> [ACTIVITY]
Each line of the material must be repeated precisely, with the pictures left out.

> [DATA EXCERPT]
--------------------------------

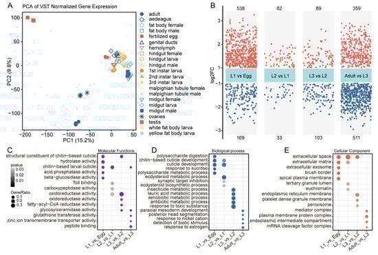 4.1. Differential Expression Analysis Reveals Gene Expression Dynamics During Key Developmental Transitions in Colorado Potato Beetle
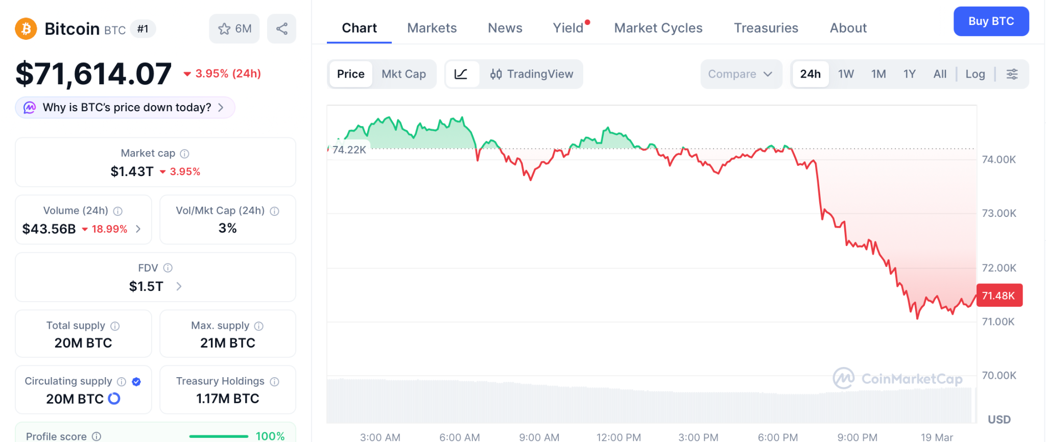 Bitcoin (BTC) is trading at around $71,300, down nearly 5% over the past 24 hours. ETH and SOL fell 6% to $2,190 and $90, respectively.
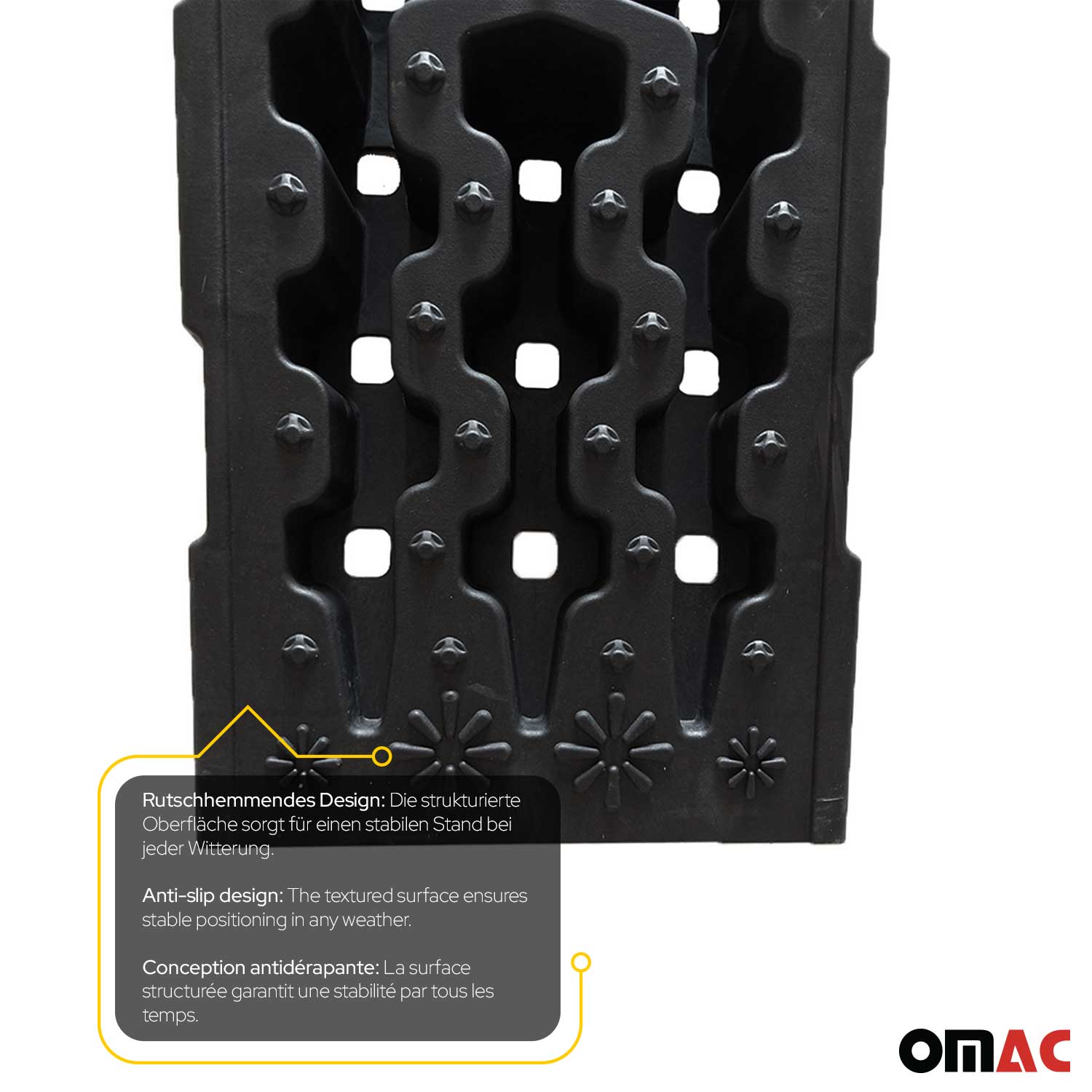 Integrierte Anti-Rutsch-Rillen bieten zusätzlichen Halt und sorgen für einen mühelosen Auf- und Abstieg. Unsere kompakten und leichten Rampen sind eine unverzichtbare Ergänzung für den Werkzeugkasten jedes wartungsbewussten Fahrzeugbesitzers.

--------------------------------

> [SOLUTION FOR THIS TASK]
 4.1. Differential Expression Analysis Reveals Gene Expression Dynamics During Key Developmental Transitions in Colorado Potato Beetle
 Bitcoin (BTC) is trading at around $71,300, down nearly 5% over the past 24 hours. ETH and SOL fell 6% to $2,190 and $90, respectively.
 Integrierte Anti-Rutsch-Rillen bieten zusätzlichen Halt und sorgen für einen mühelosen Auf- und Abstieg. Unsere kompakten und leichten Rampen sind eine unverzichtbare Ergänzung für den Werkzeugkasten jedes wartungsbewussten Fahrzeugbesitzers.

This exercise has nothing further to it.